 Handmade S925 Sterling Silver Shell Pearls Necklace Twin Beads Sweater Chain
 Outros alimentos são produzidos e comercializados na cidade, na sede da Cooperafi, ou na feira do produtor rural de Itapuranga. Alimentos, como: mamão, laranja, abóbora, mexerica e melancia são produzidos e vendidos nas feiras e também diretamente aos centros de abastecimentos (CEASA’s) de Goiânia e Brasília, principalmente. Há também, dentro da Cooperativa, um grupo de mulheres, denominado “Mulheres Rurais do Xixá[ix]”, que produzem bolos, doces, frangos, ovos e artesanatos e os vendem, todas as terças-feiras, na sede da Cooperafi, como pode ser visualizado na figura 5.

◆ ◆ ◆ ◆ ◆ ◆ ◆

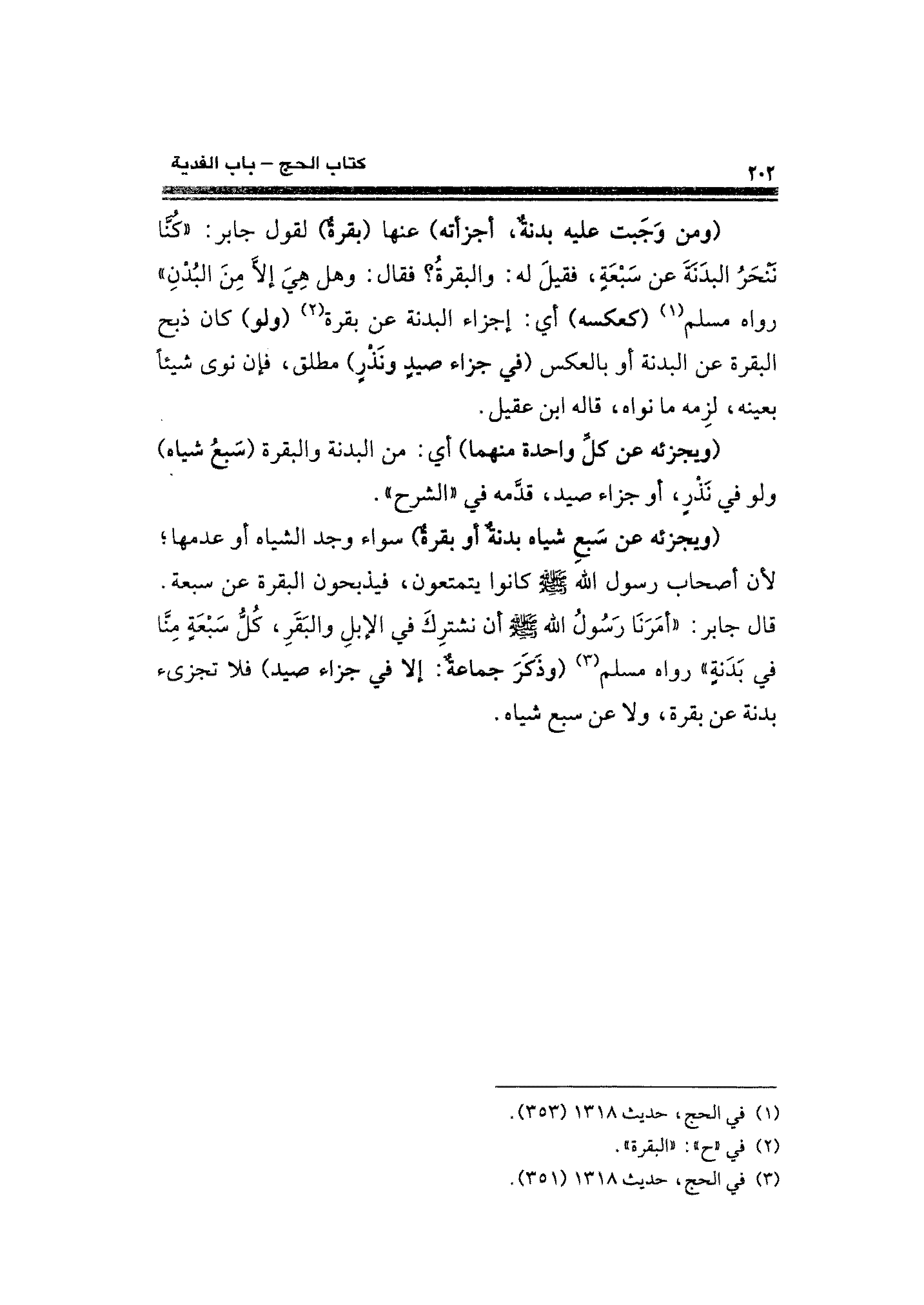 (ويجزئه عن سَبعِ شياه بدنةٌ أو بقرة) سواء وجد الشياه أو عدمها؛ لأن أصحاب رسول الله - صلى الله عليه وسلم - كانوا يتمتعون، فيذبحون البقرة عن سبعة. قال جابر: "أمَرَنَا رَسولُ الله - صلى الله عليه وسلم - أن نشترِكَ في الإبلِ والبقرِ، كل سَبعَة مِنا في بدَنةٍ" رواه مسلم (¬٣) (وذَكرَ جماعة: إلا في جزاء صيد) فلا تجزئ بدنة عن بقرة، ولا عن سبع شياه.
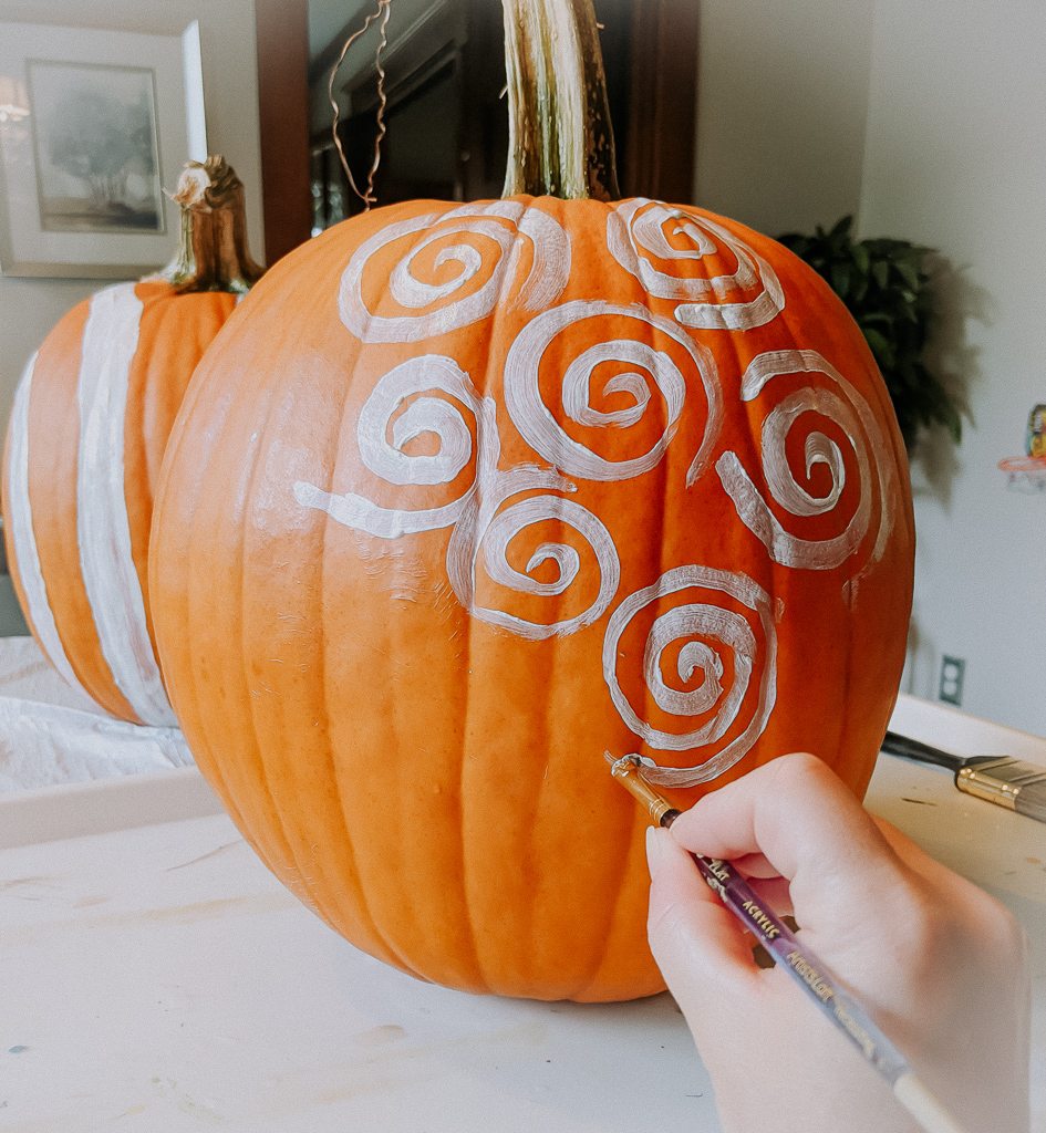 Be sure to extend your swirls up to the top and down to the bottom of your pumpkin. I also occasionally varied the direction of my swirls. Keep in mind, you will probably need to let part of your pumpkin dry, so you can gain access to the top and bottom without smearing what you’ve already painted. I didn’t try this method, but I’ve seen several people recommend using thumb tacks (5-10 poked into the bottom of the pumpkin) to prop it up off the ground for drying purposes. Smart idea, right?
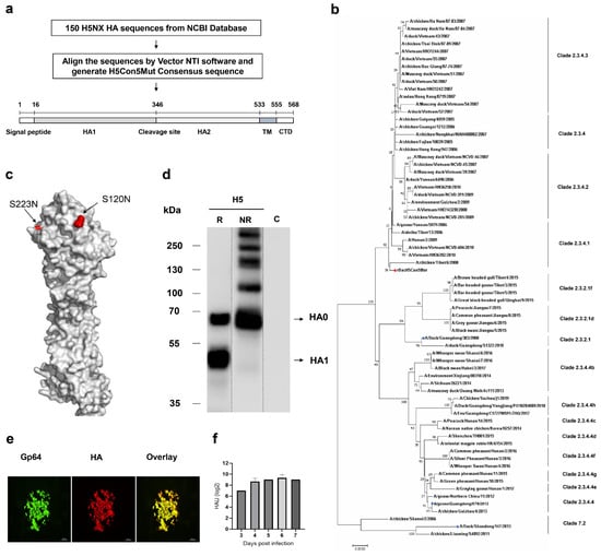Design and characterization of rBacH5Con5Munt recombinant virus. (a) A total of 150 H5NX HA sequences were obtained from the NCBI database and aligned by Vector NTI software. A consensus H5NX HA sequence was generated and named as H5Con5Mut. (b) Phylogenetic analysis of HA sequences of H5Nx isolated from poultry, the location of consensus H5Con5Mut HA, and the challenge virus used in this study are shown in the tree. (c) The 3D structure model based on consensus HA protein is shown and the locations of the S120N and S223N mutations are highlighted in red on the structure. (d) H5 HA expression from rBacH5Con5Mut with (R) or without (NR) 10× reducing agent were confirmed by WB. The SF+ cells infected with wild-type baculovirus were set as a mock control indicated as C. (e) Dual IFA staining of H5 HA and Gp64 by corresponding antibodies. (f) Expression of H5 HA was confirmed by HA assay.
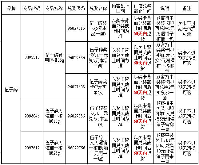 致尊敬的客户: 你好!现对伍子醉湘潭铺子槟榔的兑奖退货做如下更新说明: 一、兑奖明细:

◆ ◆ ◆ ◆ ◆ ◆ ◆

Your task is to transcribe, with no changes, only the lines of the listing above that lie between the line holding "Handmade S925 Sterling" and the line holding "Outros alimentos são", inclusive.

Task result:
 Handmade S925 Sterling Silver Shell Pearls Necklace Twin Beads Sweater Chain
 Outros alimentos são produzidos e comercializados na cidade, na sede da Cooperafi, ou na feira do produtor rural de Itapuranga. Alimentos, como: mamão, laranja, abóbora, mexerica e melancia são produzidos e vendidos nas feiras e também diretamente aos centros de abastecimentos (CEASA’s) de Goiânia e Brasília, principalmente. Há também, dentro da Cooperativa, um grupo de mulheres, denominado “Mulheres Rurais do Xixá[ix]”, que produzem bolos, doces, frangos, ovos e artesanatos e os vendem, todas as terças-feiras, na sede da Cooperafi, como pode ser visualizado na figura 5.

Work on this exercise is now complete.